The problem —
In the records below, repeat word for word only the lines starting at the one that contains "Looking for an" and ending at the one that contains "Railroads!のライバ", pictures excluded.

Source material —
++++++

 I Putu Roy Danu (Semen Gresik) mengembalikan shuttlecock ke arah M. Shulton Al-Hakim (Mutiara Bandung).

++++++

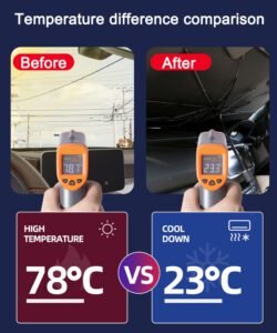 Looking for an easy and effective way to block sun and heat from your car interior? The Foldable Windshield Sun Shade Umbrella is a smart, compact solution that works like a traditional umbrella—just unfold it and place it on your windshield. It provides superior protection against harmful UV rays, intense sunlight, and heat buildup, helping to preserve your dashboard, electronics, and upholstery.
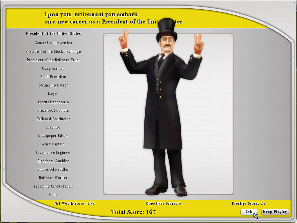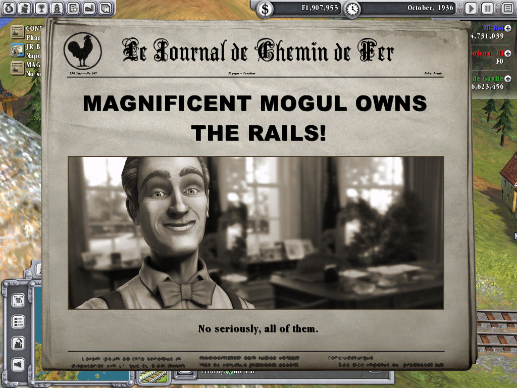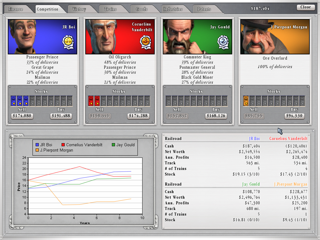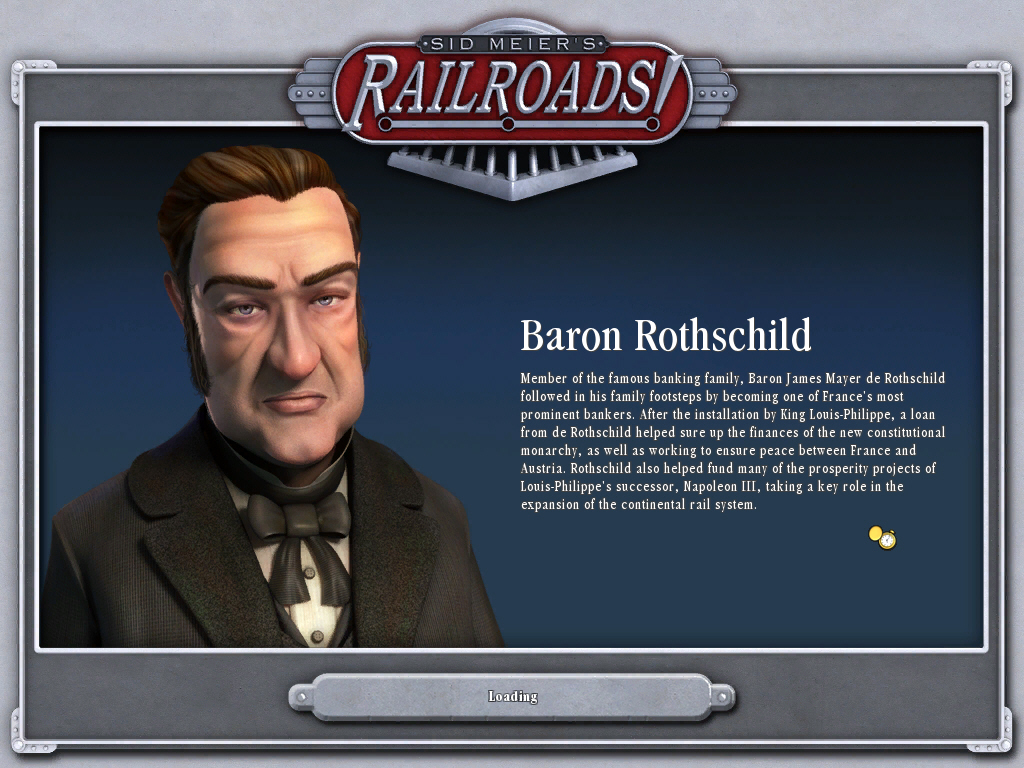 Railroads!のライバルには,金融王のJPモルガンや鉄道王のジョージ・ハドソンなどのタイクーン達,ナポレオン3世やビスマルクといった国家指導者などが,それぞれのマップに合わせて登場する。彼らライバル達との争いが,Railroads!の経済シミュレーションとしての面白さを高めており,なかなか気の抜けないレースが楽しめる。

++++++

Solution —
 Looking for an easy and effective way to block sun and heat from your car interior? The Foldable Windshield Sun Shade Umbrella is a smart, compact solution that works like a traditional umbrella—just unfold it and place it on your windshield. It provides superior protection against harmful UV rays, intense sunlight, and heat buildup, helping to preserve your dashboard, electronics, and upholstery.
 Railroads!のライバルには,金融王のJPモルガンや鉄道王のジョージ・ハドソンなどのタイクーン達,ナポレオン3世やビスマルクといった国家指導者などが,それぞれのマップに合わせて登場する。彼らライバル達との争いが,Railroads!の経済シミュレーションとしての面白さを高めており,なかなか気の抜けないレースが楽しめる。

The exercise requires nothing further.